1. Charge biological dads in baby dumping cases too. Penang Exco Chong Eng said punishing women alone will not serve any justice to the abandoned babies since, hellooo, men contribute to the pregnancies too. If fathers could be held equally responsible, both parties will be more careful before engaging in sex.
2. Teach them larr, both guys and girls. As you know, Malaysia has consistently rejected teaching sex education in schools. What they’ve always been teaching is only on abstinence, though this led our youth right to MORE teen pregnancies and child marriages.
Truth is, teaching only abstinence ain’t gonna work, coz obviously humans are curious and they’re gonna try it anyway. So why not teach them to be careful to avoid unwanted pregnancies. And if there are no mainstream sources to teach ’em, our youth can turn to sex educators in Malaysia, including June Low on her show Popek Popek.

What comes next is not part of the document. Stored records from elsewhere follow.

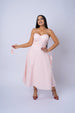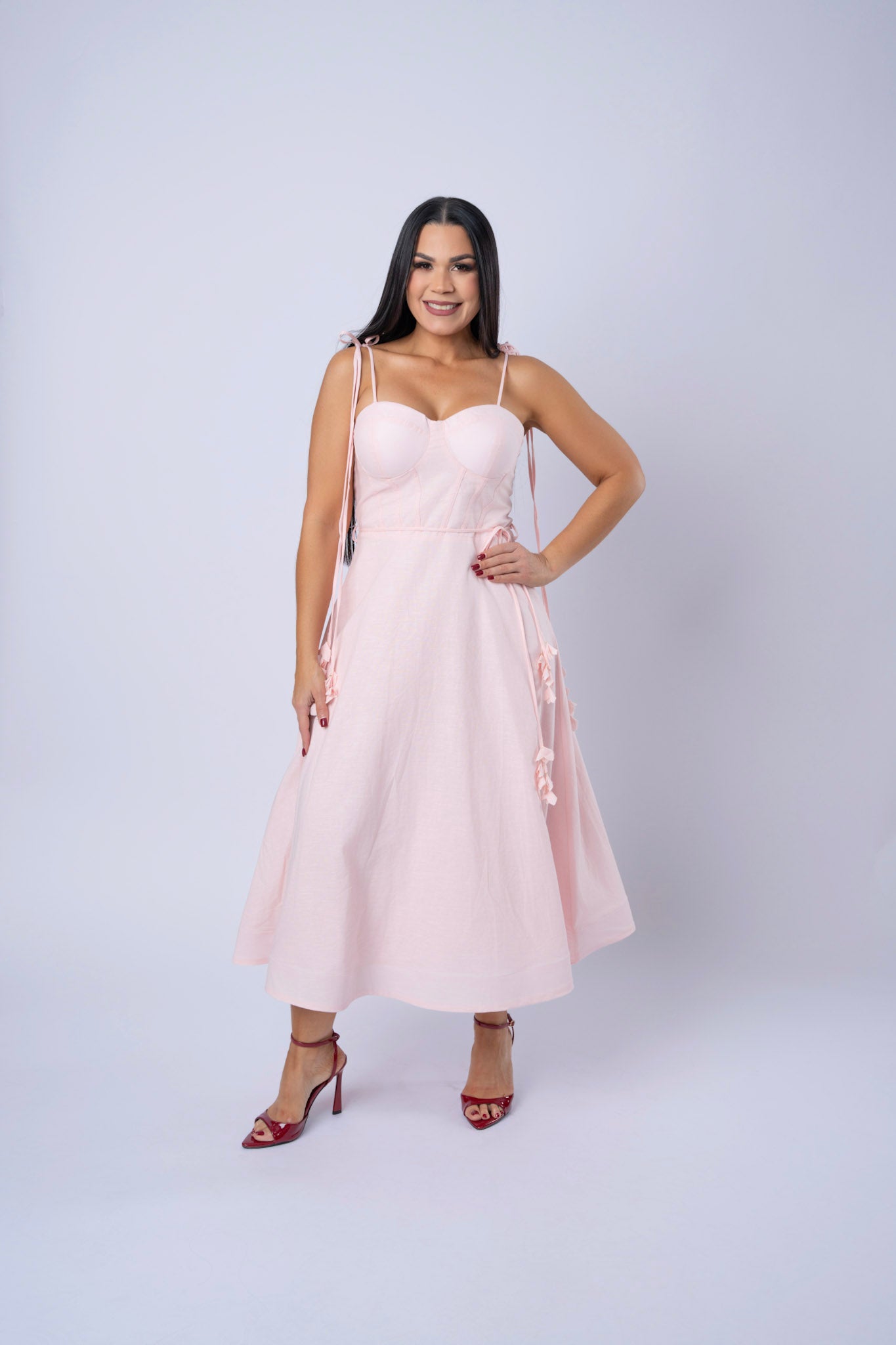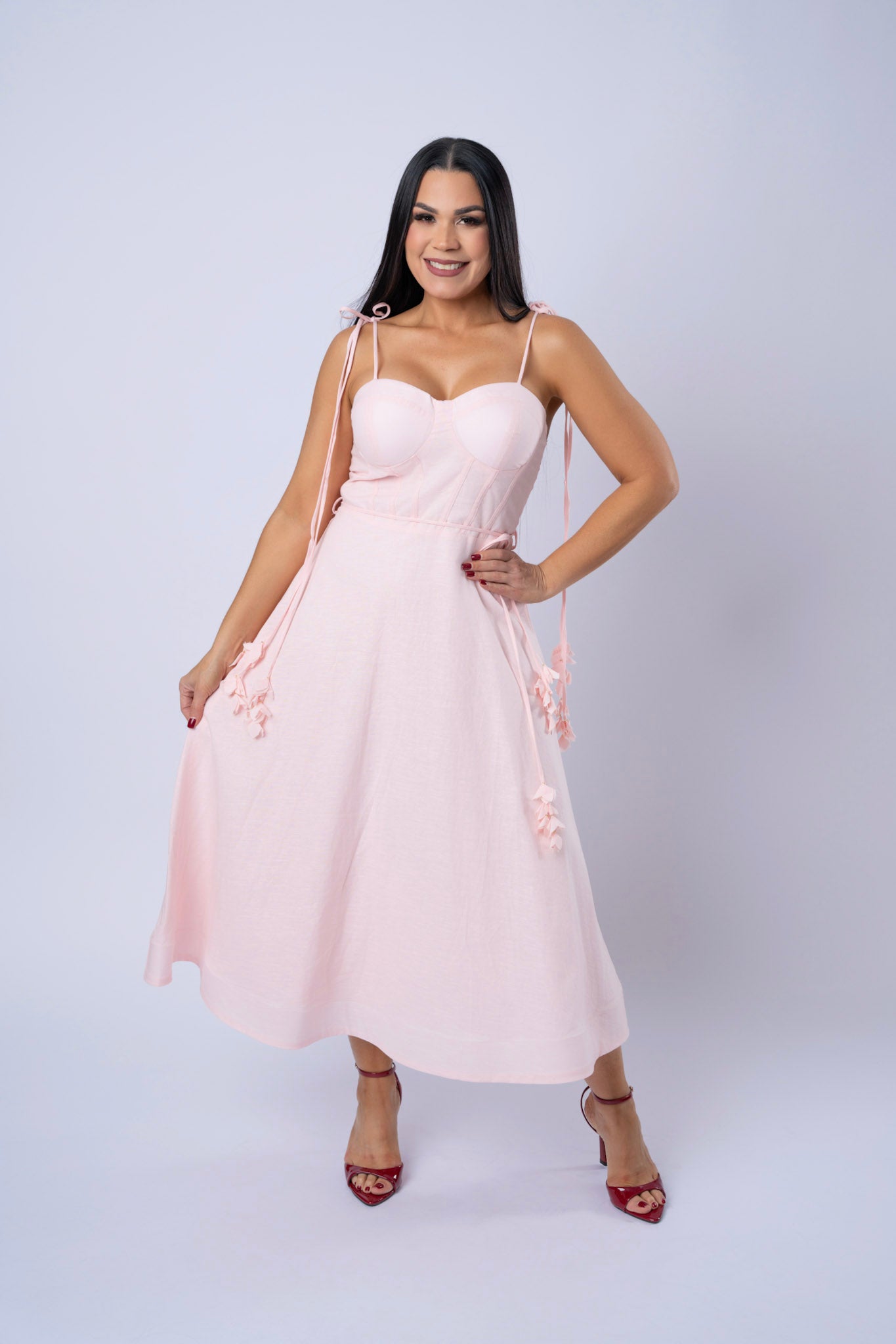 Midi Corset Dress, Designed With Corset-Style Bodice, Adjustable Straps With Floral Details, Rushed Back And A-Line Skirt.
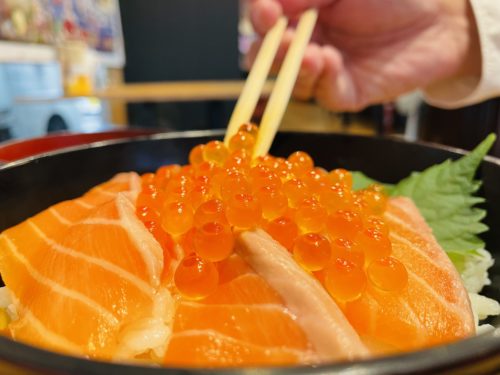 ランチメニューはこちら。迷いに迷って名物の「海鮮丼」と「サーモンいくら丼」と「にぎり盛」を注文いたしました。
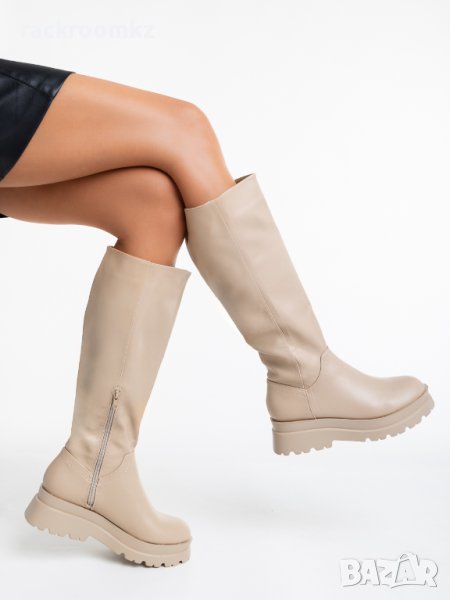 ЗИМНА РАЗПРОДАЖБА! Дамски модни ботуши в бежов цвят на платфотма олекотен модел
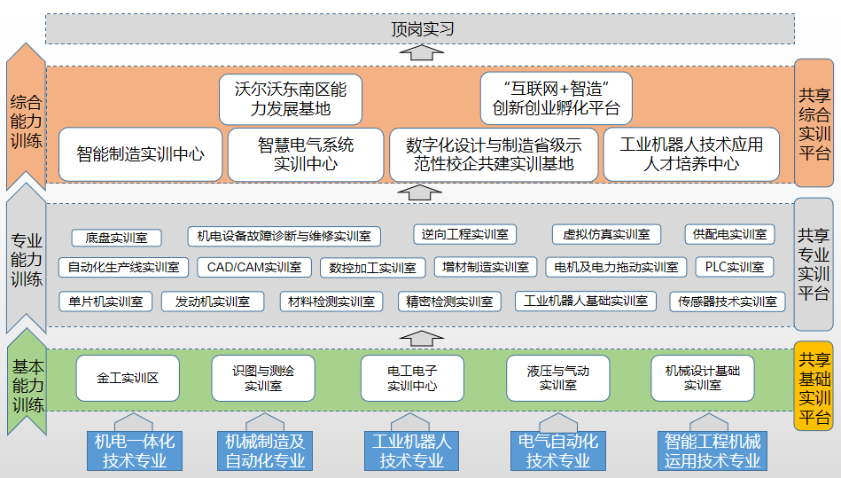圖3 機(jī)械與智能制造專業(yè)群組群共享實(shí)訓(xùn)體系圖
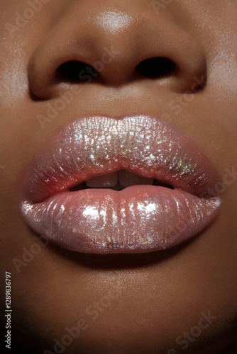 Close-Up of a Woman’s Lips with Pearl Lip Gloss
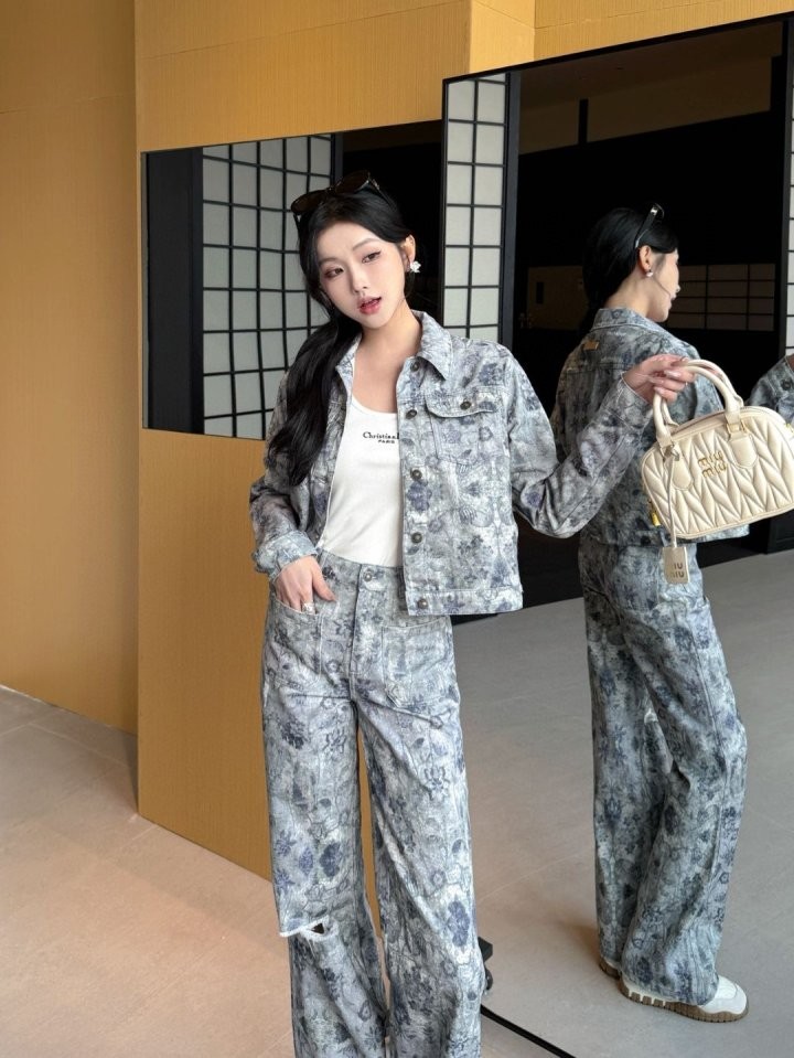 ✔ 커스텀 트윌 데님 코튼 ✔ 플로럴 프린트 & 허니비 자수 ✔ 워싱 가공, 디스트로이드 디테일
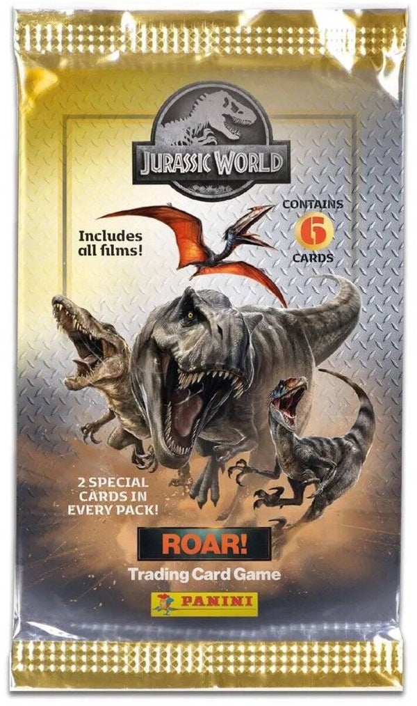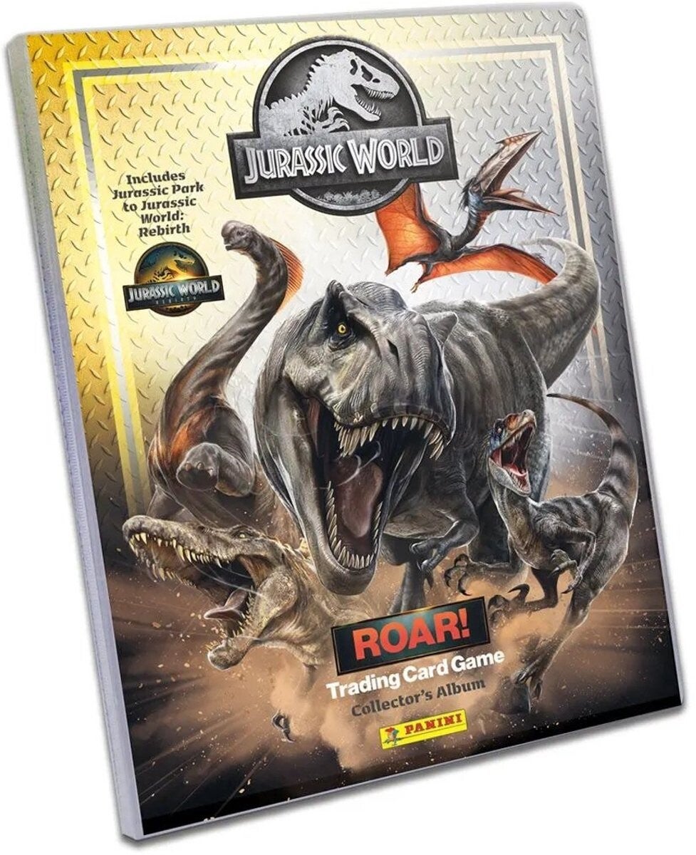 Jurassic World Roar! Trading Cards Starter Set:- 1 verzamelalbum- 3 packs. Elk pack heeft 6 trading cards.- 1 limited edtion trading card
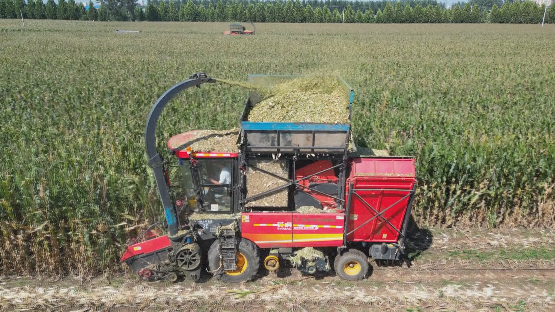 眼下正是玉米收获时节,在衡水市安平县乡村振兴示范区,随处可见正在忙碌的玉米茎穗联合收割机。与一般的玉米联合收割机相比,这种机械的个头儿明显要大一些,在收获玉米穗的同时还可以收集打包碎秸秆,一捆捆秸秆装满一辆辆货车,再运往养殖场制成饲料,让农民增加了一项额外收入。
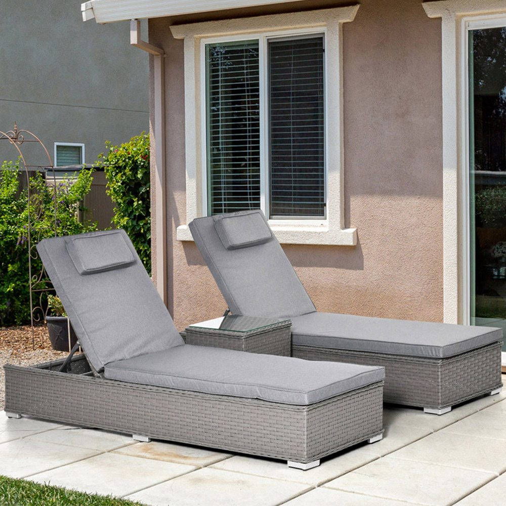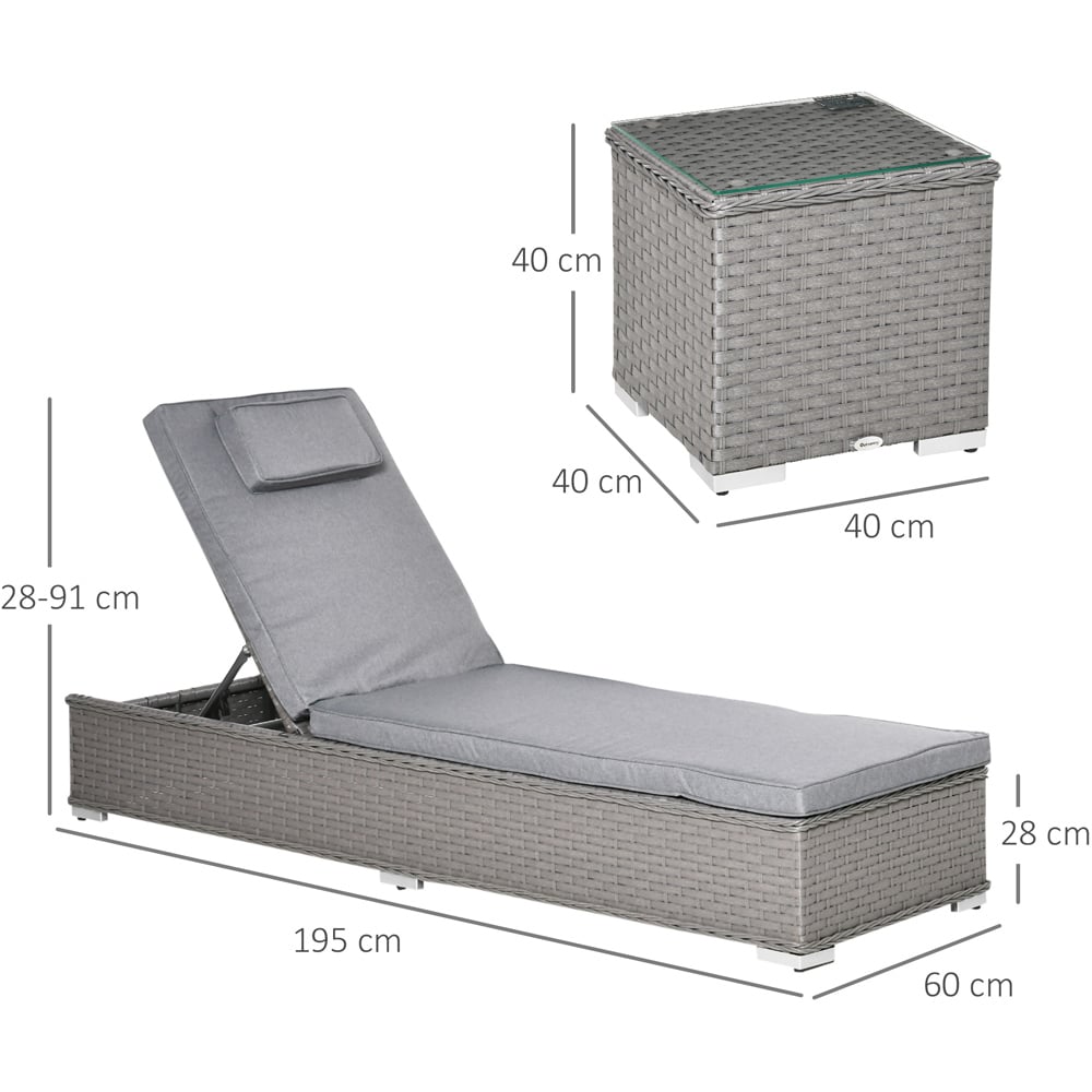 Enhance those long summer days with this Outsunny two-seater Grey Rattan Recliner Sun Lounger Set. The set includes two loungers and a small, matching side table, ideal for keeping drinks, sunscreen, and other essentials close at hand as you unwind in the sunshine. For optimal comfort, each lounger adjusts to five different positions, including a fully reclined 180° option. Sink into the grey padded cushions, complete with head pillows for enhanced neck and head support.
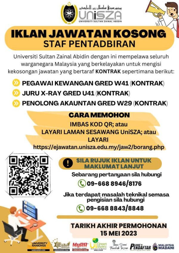 Iklan Jawatan Universiti Sultan Zainal Abidin (UNISZA) Klik Jawatan Disini Like serta Ikut Facebook Kami, follow Chanel WhatsApp Jawatan Kosong & Telegram Portal SPA9 untuk capaian pantas kekosongan jawatan daripada kami sekarang.
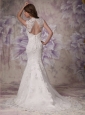 Elegant and graceful wedding dress! The lace pattern and the sparckled crystals all over features meticulous and attractive with narrow waistband accented with crystals. The mermaid silhouette will curve your figure and will show your well-toned shape. The open back and the button closure makes this dress special and charming, it is the dream dress for the big day!
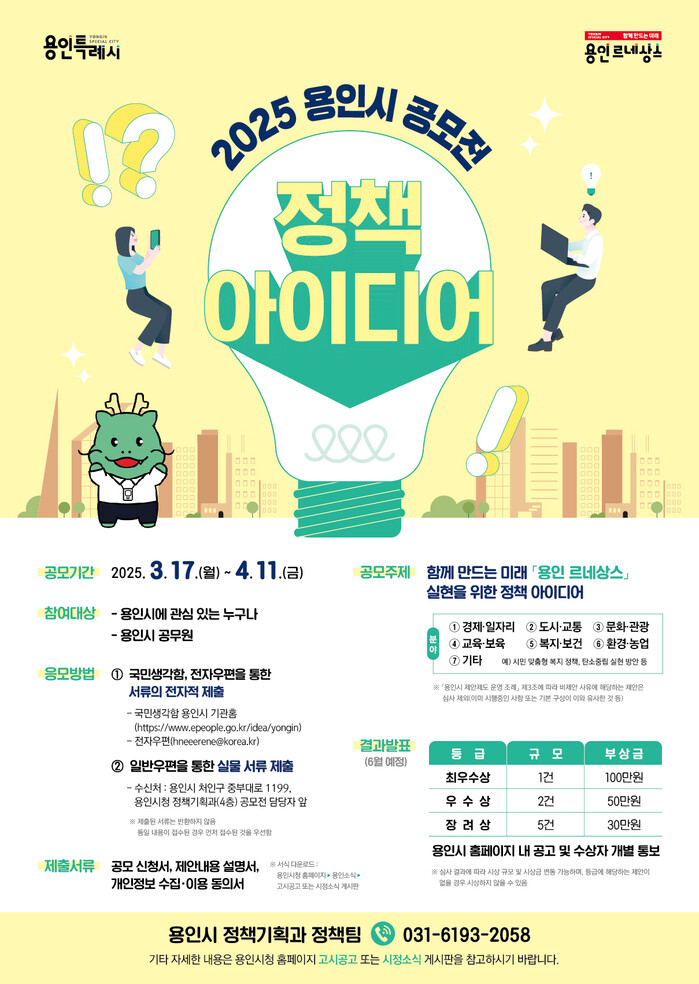 용인특례시(시장 이상일)는 시민의 창의적인 아이디어를 시정에 반영하기 위한 ‘2025년 용인시 정책 아이디어 공모전’을 개최한다고 17일 밝혔다.
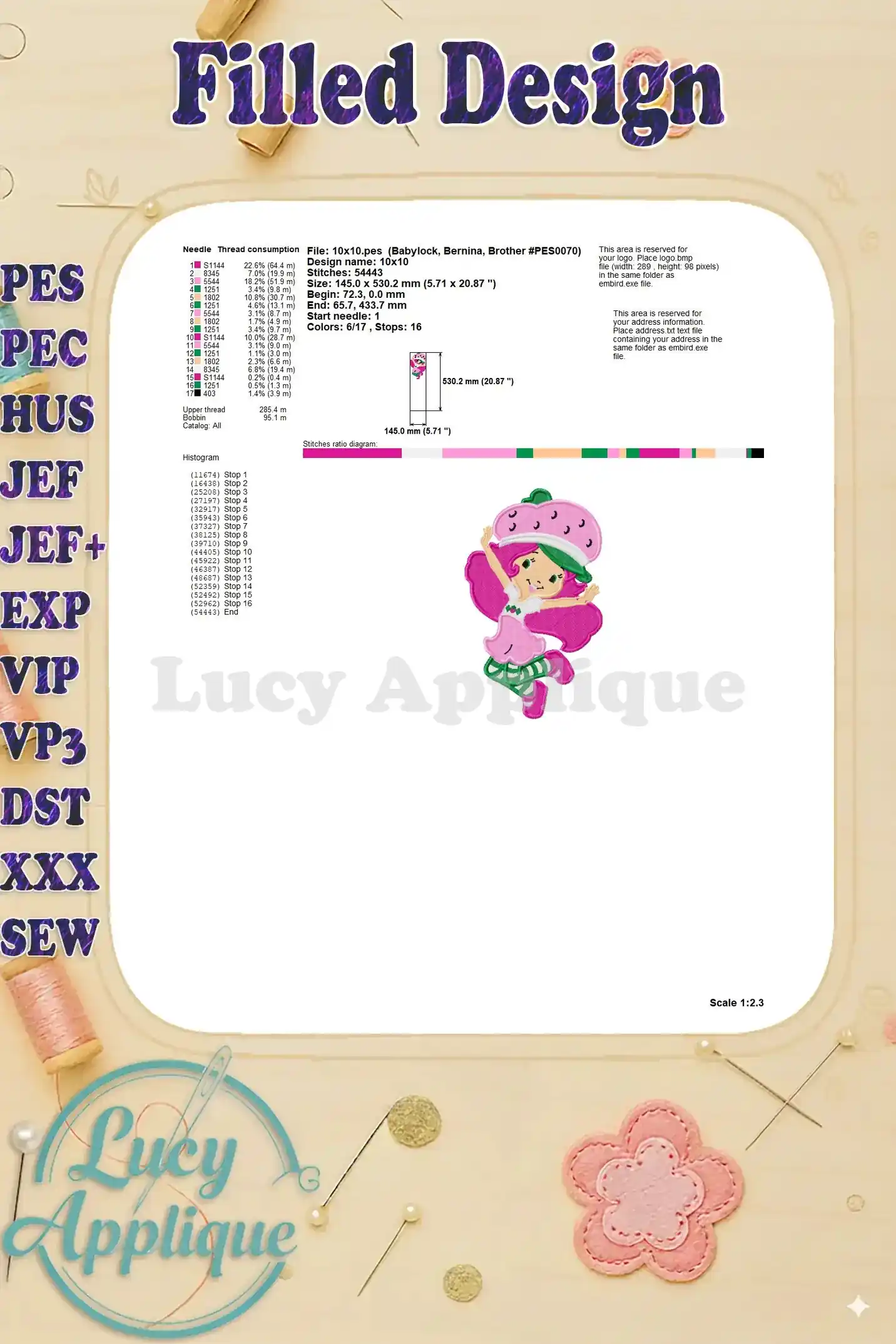 Strawberry Shortcake Fill Embroidery Design 02 – Instant Download
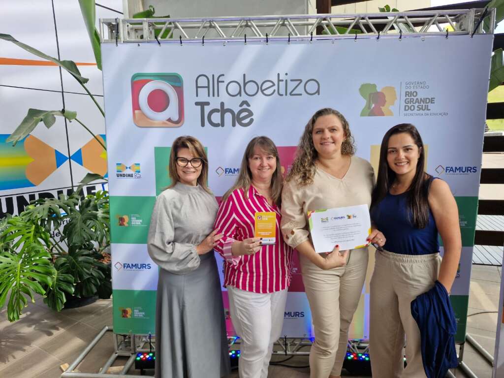 Acompanharam este momento a Coordenadora da SECT Josiane Kaster Rotta (professora da escola até dezembro/24), Daiane Munhoz, Coordenadora da SECT, e Dania Nicolini Borghetti, Secretária de Educação, Cultura e Turismo.

In the end, we have to address the issue of social stigma. Sisters in Islam spokeswoman Yasmin Masidi said people fear being ostracised by society and punishment by the religious authorities. So James Nayagam, Shelter Home Executive Director said it was more important for society and families to be supportive to single mothers or many might dump their babies in fear of getting shamed. Or even if they don’t dump their babies, the stigma doesn’t end…
“When your daughter is at primary school, her friends and even teachers will wonder why her name is binti Abdullah when the father’s name is Zulkifli. As it is common knowledge that children born out of wedlock are binti Abdullah, your daughter will experience the name calling and jeering.” – Azrul Mohd Khalib, social activist on HIV/AIDS and human rights issues, The Malaysian Insider
At the end of the day, everyone has their way of living life and the authorities can’t be there to police them all. Maybe it’s time to stop judging people and start helping them.